Different methodologies can be used to classify a document:
- Transcription and analysis of the text contained within;
- Analyzing the document image;
- By analyzing both the text and its image using hybrid techniques.
It is possible to use both supervised and unsupervised machine learning techniques in the intelligent document processing workflow. In contrast to the supervised approach, the unsupervised approach typically has a lower setup cost (no labeling is required), but it is typically less accurate. The model can also provide a Confidence Score for document classification predictions based on the algorithm used.

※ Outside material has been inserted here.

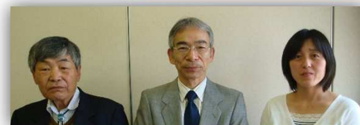
左から新しく選ばれた小牧副会長、藤原会長、椿野副会長

So what is automatic document classification? Which processes can benefit from it? What are different methodologies to perform automatic document classification? What are the limitations and benefits of different machine learning approaches used to automate document classification? – All questions are answered in this article.
Introduction
The classification of documents (automatic and not) allows the user to upload different types of documents both individually and in batches and to classify them in their respective categories. This is also essential if a complex document of many pages contains multiple documents to be analyzed. The classification operation is necessary for the subsequent processing of the different types of documents, allowing, for example, the subsequent assignment to the right team member for review, processing and analysis. This can be a huge bottleneck for publishers, insurance companies, financial institutions, and many other companies that receive a large number of heterogeneous documents to process.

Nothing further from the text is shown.